▶ GOAL OF THE EXERCISE:
Which lines run from the one containing "Низ комплекта состоит" to the end of the material below? Copy them exactly, pictures excluded.

▶ INPUT DATA:

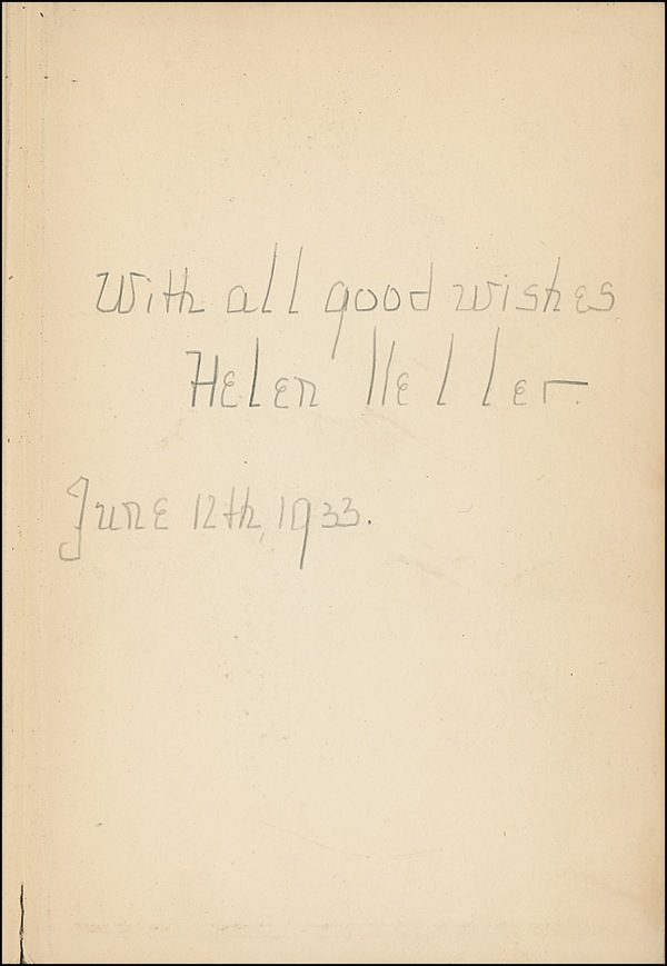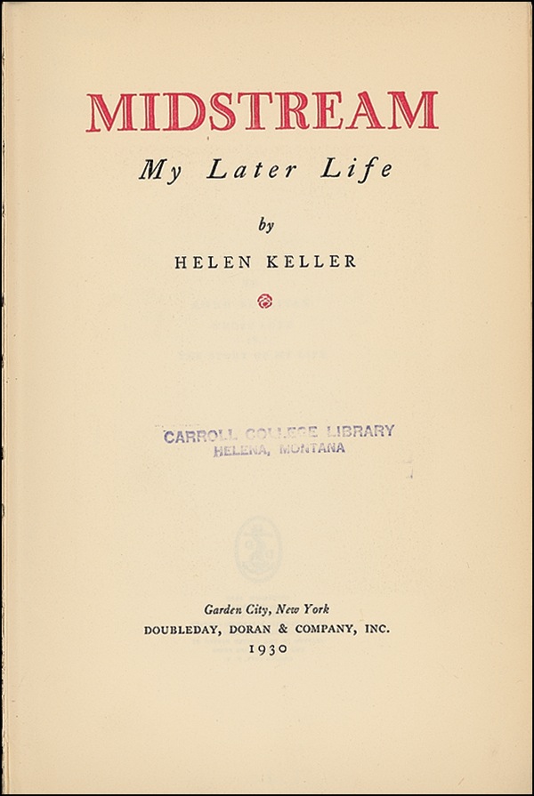 Signed book: Midstream: My Later Life. Garden City: Doubleday, Doran & Company, 1930. Hardcover, 6.25 x 9, 362 pages. Signed in pencil on the front free end page “With all good wishes, Helen Keller, June 12th, 1933.” In very good condition, with ex-library markings and labels to interior and spine, front hinge split (but intact), sunning to spine, and light wear to extremities. R&R COA.
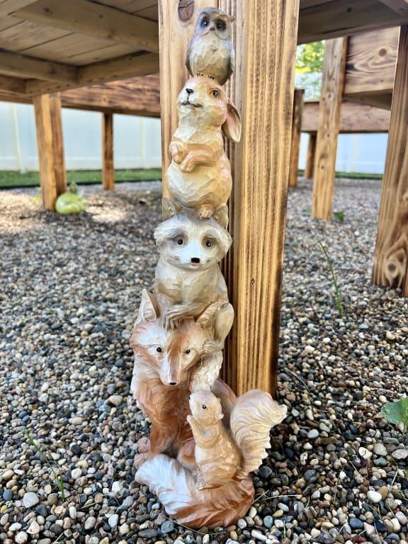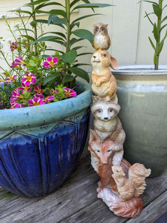 Enjoy the company of these adorable animal friends as they join you in your outdoor oasis. With its weather-resistant resin construction, this statue is designed to withstand the elements and maintain its eye-catching appearance. Whether placed near a flower bed, on a porch, or nestled among potted plants, this stack of critters will be a delightful focal point.
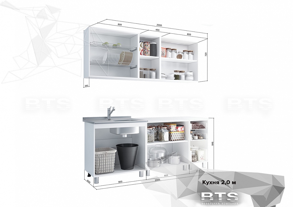 Низ комплекта состоит из мойки (ширина 800 мм), стола с 2 створками (ширина 800мм),стола с 3 ящиками (ширина 400мм) .
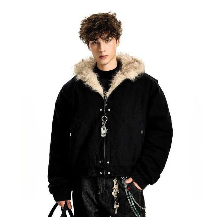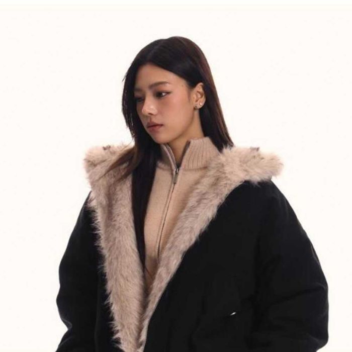 This Thick Fur Lined Hooded Jacket crafted from a warm material that provides ideal protection in cold weather, featuring a luxurious design that delivers a strong presence, offering comfort and style for daily wear with a balanced, modern look
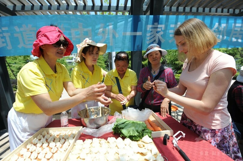 青島市・市南区の珠海路(Zhuhailu)街道では、多くの外国人「隣人たち」が祭りに参加した。ちまきや餃子を作り、切紙細工や中国拳法を学び、ステージで中国文化のパフォーマンスを披露するなど、中国文化、中国の伝統文化と西洋文化の相互理解を深めた。(c)CNS/JCM/AFPBB News
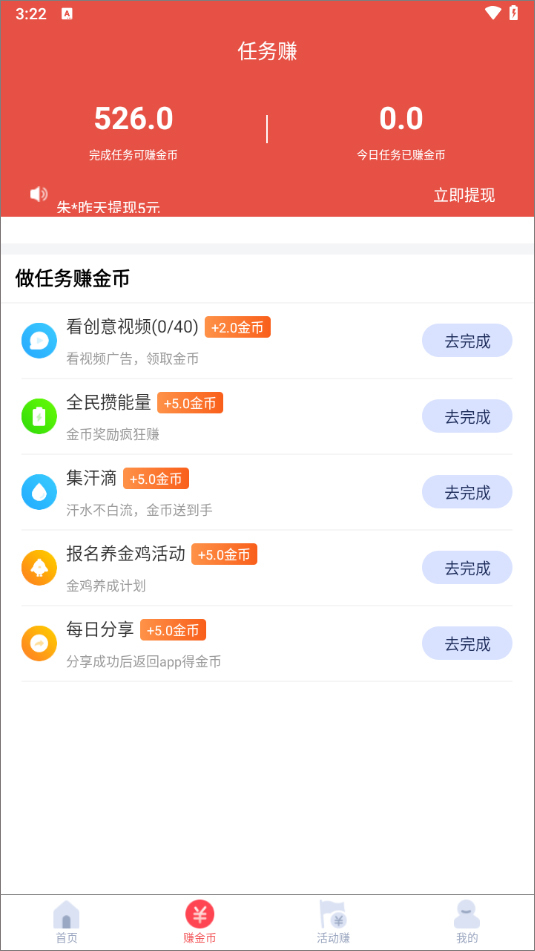 2、点击赚金币界面,做任务获得金币就可以赚钱了~

▶ COMPLETED EXERCISE:
 Низ комплекта состоит из мойки (ширина 800 мм), стола с 2 створками (ширина 800мм),стола с 3 ящиками (ширина 400мм) .
 This Thick Fur Lined Hooded Jacket crafted from a warm material that provides ideal protection in cold weather, featuring a luxurious design that delivers a strong presence, offering comfort and style for daily wear with a balanced, modern look
 青島市・市南区の珠海路(Zhuhailu)街道では、多くの外国人「隣人たち」が祭りに参加した。ちまきや餃子を作り、切紙細工や中国拳法を学び、ステージで中国文化のパフォーマンスを披露するなど、中国文化、中国の伝統文化と西洋文化の相互理解を深めた。(c)CNS/JCM/AFPBB News
 2、点击赚金币界面,做任务获得金币就可以赚钱了~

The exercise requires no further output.